This is the invention of Lawrence Heath, of Macedon, N.Y., and relates to that class of changeable speed gearing in which a center pinion driven at a constant rate of speed drives directly and at different rates of speed a series of pinions mounted in a surrounding revoluble case or shell, so that by turning the shell one or another of the secondary pinions may be brought into operative relation to the parts to be driven therefrom.

The aim of my invention is to so modify this system of gearing that the secondary pinions may receive a very slow motion in relation to that of the primary driving shaft, whereby the gearing is the better adapted for the driving of the fertilizer-distributers of grain drills from the main axle, and for other special uses.

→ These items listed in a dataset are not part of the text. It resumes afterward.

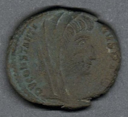Pieza en estado de conservación regular, por lo que no es posible una identificación exacta, se propone una descripción tentativa a partir del tipo general y se sugiere mayor investigación. Moneda acuñada por los hijos de Constantino I el Grande, después de su muerte; se propone Constancio II como autoridad emisora, ya que fue el sucesor más importante. Anverso con el busto velado del emperador Constantino I a la derecha, leyenda "DV CONSTANTI-NVS PT AVGG" y borde de puntos. Reverso con una cuadriga llevando al emperador Constantino I velado hacia una mano que está extendida desde el cielo junto a una estrella, anepígrafa, acuñación descentrada que no permite leer el exergo y borde de puntos. Cospel irregular. Fabricada por acuñación a martillo, peso de 1,4 gr.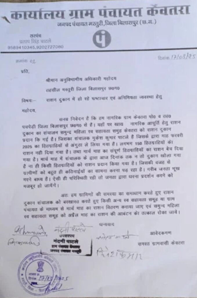 ग्राम पंचायत केवतरा के उप सरपंच प्रतिनिधि और पूर्व सरपंच ने जानकारी देते हुए बताया कि, महिला समूह द्वारा ग्राम पंचायत केवतरा में शासकीय उचित मूल्य दुकान का संचालन किया जाता है! महिला समूह की अध्यक्ष का पति मुकेश पाटले द्वारा विक्रेता का कार्य किया जाता है, लंबे समय से विक्रेता द्वारा अध्यक्ष के साथ मिलकर ग्रामवासियों के राशन को गबन करने का काम किया जा रहा है!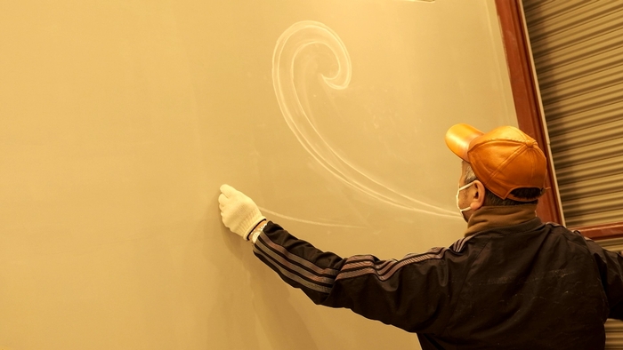 ▼店舗はオーナー自らがデザイン。壁のラインを描く様子

Fig. 1 is a side elevation. Fig. 2 is a vertical cross section.



A represents the main driving shaft or axle, driven constantly and at a uniform speed, and B is the pinion-supporting case or shell, mounted loosely on and revoluble around the axle, but held normally at rest by means of a locking bolt, C, or other suitable locking device adapted to enter notches, c, in the shell.

D is the primary driving pinion, fixed firmly to the axle and constantly engaging the pinion, E, mounted on a stud in the shell. The pinion, E, is formed integral with or firmly secured to the smaller secondary pinion, F, which in turn constantly engages and drives the center pinion, G, mounted to turn loosely on the axle within the shell, so that it is turned in the same direction as the axle, but at a slower speed.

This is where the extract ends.